Arrested for imitating trumpet-voiced Songstress Martha Raye at Brooklyn's Manhattan Beach Baths, where she had a permit to act but not to sing, little Audrey Golub. 9, pleaded that she just "couldn't resist it" when she heard the applause.
Temporarily putting up his racket (which provides him an income of some $60,000 a year), No. 1 Professional Tennist-- Ellsworth Vines turned amateur, qualified for the National Amateur Golf championship to be held next week at Oakmont, Pa. His score: 150 for 36 holes.
State Department officials refused to give Cinemactress Sigrid Gurie a passport. Reason: although she was born in Brooklyn, the U. S. signed a complicated treaty with Norway in 1871 by the terms of which her return to Norway at the age -- Winner of 48 matches to Fred Perry's 35 in their 1938 professional tennis tour. of 3 made her a Norwegian, maybe. Experts last week were not sure what she was. Pouted pretty Sigrid Gurie: "It's untrue about Brooklyn not being American. Brooklyn is a part of this country. I'm certain of it."
Reporting an hour early for his first day's work* as a stock boy in the basement of William Filene's Sons department store in Boston, John Aspinwall Roosevelt entered by the wrong door, drew the wrong time slip, forgot to throw away his cigaret. Said he: "I'm really serious about this job. The sooner everybody forgets I'm my father's son, the better it will be for me. ... It sure is interesting."
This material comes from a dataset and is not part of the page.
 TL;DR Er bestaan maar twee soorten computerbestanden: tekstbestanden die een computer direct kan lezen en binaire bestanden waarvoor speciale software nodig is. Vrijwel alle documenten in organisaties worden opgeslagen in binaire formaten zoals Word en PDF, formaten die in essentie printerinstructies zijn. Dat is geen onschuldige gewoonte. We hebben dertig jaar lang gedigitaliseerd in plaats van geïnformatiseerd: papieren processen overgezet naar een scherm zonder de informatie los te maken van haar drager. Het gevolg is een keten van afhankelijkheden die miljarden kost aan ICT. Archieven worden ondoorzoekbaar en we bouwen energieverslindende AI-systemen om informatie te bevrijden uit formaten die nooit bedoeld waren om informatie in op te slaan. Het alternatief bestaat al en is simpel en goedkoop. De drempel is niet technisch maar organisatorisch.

Vassar's tall, pallid President Henry Noble MacCracken named the five Most Intelligent Women in the World: Angelica Balanbanoff, internationalist, author of My Life As a Rebel (TIME, Aug. 1); Halide Edib, Turkish patriot, onetime Professor of Western Literature at Istanbul University; Sarojini Naidu, Indian poetess, friend & adviser of Mahatma Gandhi; Mme Chiang Kaishek, Mrs. Franklin D. Roosevelt.
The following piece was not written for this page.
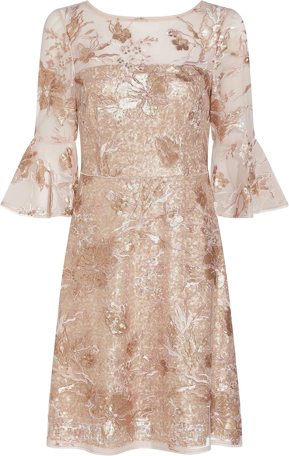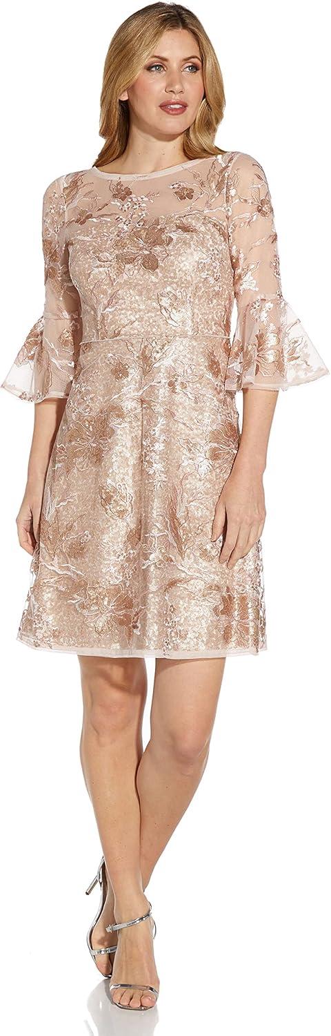 Adrianna Papell Womens Embroidered Sequin Cocktail(Joyful Blush)

Josephine Hancock Logan, who is pleased to be the donor of the annual Logan prize to Chicago's Art Institute but does not like the modernist quality of recent prizewinning paintings, engineered a rival exhibition of pictures to show "Sanity in Art." Among her placid lady guests and her safe and sane pictures, little old Mrs. Logan wandered, smiling brightly.
Said she: "Isn't it lovely?" New Jersey's former Governor Harold Giles Hoffman, who last year dropped a slander suit against onetime Radio Commentator Boake Carter, began a 52-week series of news broadcasts himself. Excerpt from his first broadcast: "Happiness and heartbreak, achievement and failure . . . are wrapped up in that thing, chiefly transient, which we call news."
*His salary: $18.50 per week.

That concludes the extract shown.